We Love Collecting . . . Digital Art
Is digital art the next big thing in contemporary art?
In a recent New York Times article, writer Scott Reyburn asks: “Is digital art the next big thing in the contemporary art world?”
That depends, in part, by what is meant by “digital” art. Of course many artists, Wade Guyton and Christopher Wool among them, have already made a trend of work that is, at some stage, digitally produced. Galleries everywhere are full of paintings, prints, and photos generated digitally and then printed. The distinction here is art that is not only digitally produced but also digitally displayed, very often on-screen. And while the market for such “on-screen” work is still small, the gap between digital production and digital display seems increasingly smaller.
Last October Phillips auction house (in association with Tumblr) held its inaugural “Paddles ON!” sale in New York, consisting of 20 digital works. The auction had a sell-through rate of 80 percent. The highest amount paid for a single work was $16,000, for a chandelier constructed out of CCTV cameras by American artist Addie Wagenknecht, Asymmetric Love Number 2 (2013).
This year’s sale, which began June 21 and continues through July 3, combines an online auction via Paddle8 with a live sale at Phillips. Among the 22 featured works are digital abstracts from Amsterdam-based artist Jonas Lund, photomontages by American artist Sara Ludy, and sight and sound installations from Hannah Perry, perhaps the show’s most purely digital works, displayed on flat-screen video monitors. All of these works are estimated under $17,000 (£10,000) and most are priced far lower at about $3,400 (£2,000).
Jeff Elrod is in many ways a perfect example of an artist born of the digital age, although his techniques to some extent turn the digital paradigm on its head. He began printing computer-generated doodles, made with an old school digital drawing program, while he was a night-shift technician at the Houston Chronicle. Elrod still draws his images digitally, which he then projects onto canvas, then traces with brushes or cans of spray paint. The results are large-scale abstract paintings, which reveal their origins on a computer screen. In March and April of this year, an Elrod show, “Rabbit Ears” sold out at the Luhring Augustine Gallery, and there is currently a waiting list for his digitally-derived abstract canvases. Prices range from $50,000 to $100,000.

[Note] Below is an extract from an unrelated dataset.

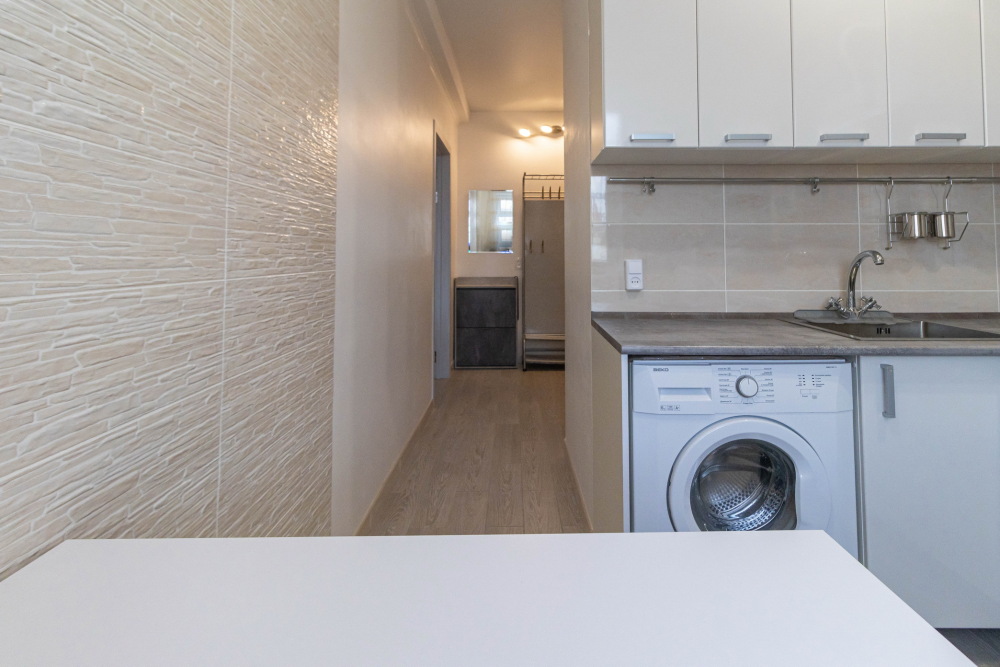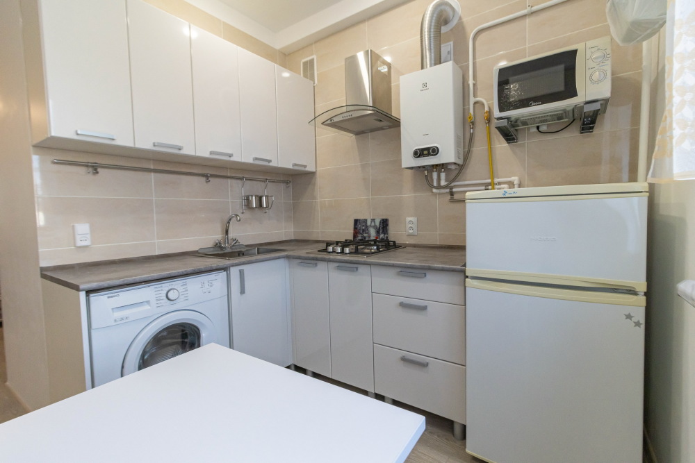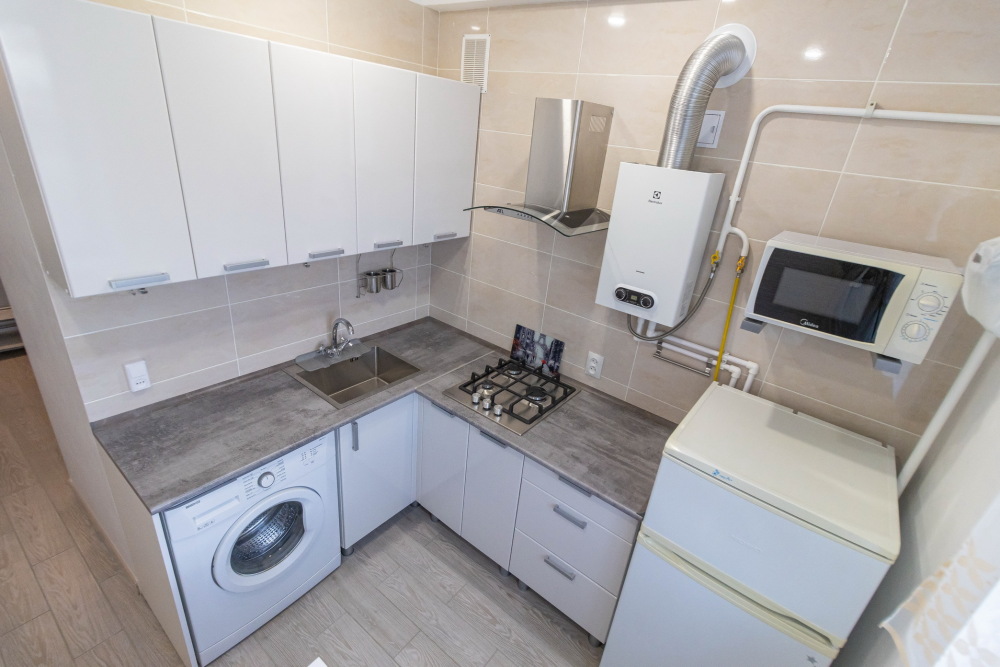 На небольшой уютной кухне разместилось много полезных вещей и приборов: газовая колонка-автомат экономно подогреет воду, мощная вытяжка освежит воздух, в больших ящиках и столах много места для хранения. Ну и, конечно, стиральная машина-автомат, холодильник и микроволновка.

Artists like Cory Arcangel see a clear trend from digital production, like Elrod’s, to digital display itself. Arcangel traces the trend back—perhaps not surprisingly—to Andy Warhol and, in particular, to images Warhol made on a Commodore Amiga home computer in the mid-1980s. The images have a familiar, by now nearly traditional iconography, ranging from soup cans to self-portraits to images of Marilyn Monroe.
What intrigues Arcangel, though, is not their familiarity, but the way in which Warhol seems to have anticipated the full digitalization of art. Arcangel argues that Warhol foresaw an increasingly digitized world and that these rediscovered works from one of Pop art’s greatest printmakers already suggest an inevitable movement toward digital display.
We couldn’t agree more, which is one reason we love collecting Michal Rovner’s 2011 video installation Most.
Rovner, who was born in Israel in 1957, works in video, sculpture, drawing, sound, and installation. She has had more than 60 solo exhibitions, including a mid-career retrospective at the Whitney Museum of Art. In many of her works, the installation pieces in particular, history and memory intersect with contemporary politics, science, and archaeology. Most (2011) takes its inspiration from Nobel Prize–winner Wislawa Szymborska’s poem “Microcosmos,” a poem that vividly evokes the fascinations of the microscope, where biology and technology meet under the human gaze. In the video, chromosome-like figures move in pairs, split, and shift, like small creatures playing a game of hopscotch. The work, which suggests the karyotype of some hyper-advanced species, raises questions of identity, inheritance—even the fraught, ongoing history of eugenics, and, above all, the modern collision of evolving life with evolving technology. In this respect, its digitalization lies literally in the tradition of “expressing the material,” giving the piece a powerful sense of inevitability, arising from intellectual and aesthetic coherence.
It is also stunningly beautiful, a nearly archetypal representative of art’s digital future. This is why we love collecting Michal Rovner’s Most.
[Artwork featured is Maja Cule’s The Horizon (2013) HD Video loop, Blu-Ray disc 3’17” which will be offered at Phillips’s upcoming Paddles On! sale in London on July 3 with an estimate of $1,700 to $3,400]
Astrid T. Hill is the president of Monticule Art, which provides art advisory services to private collectors. She specializes in primary and secondary market works of contemporary art.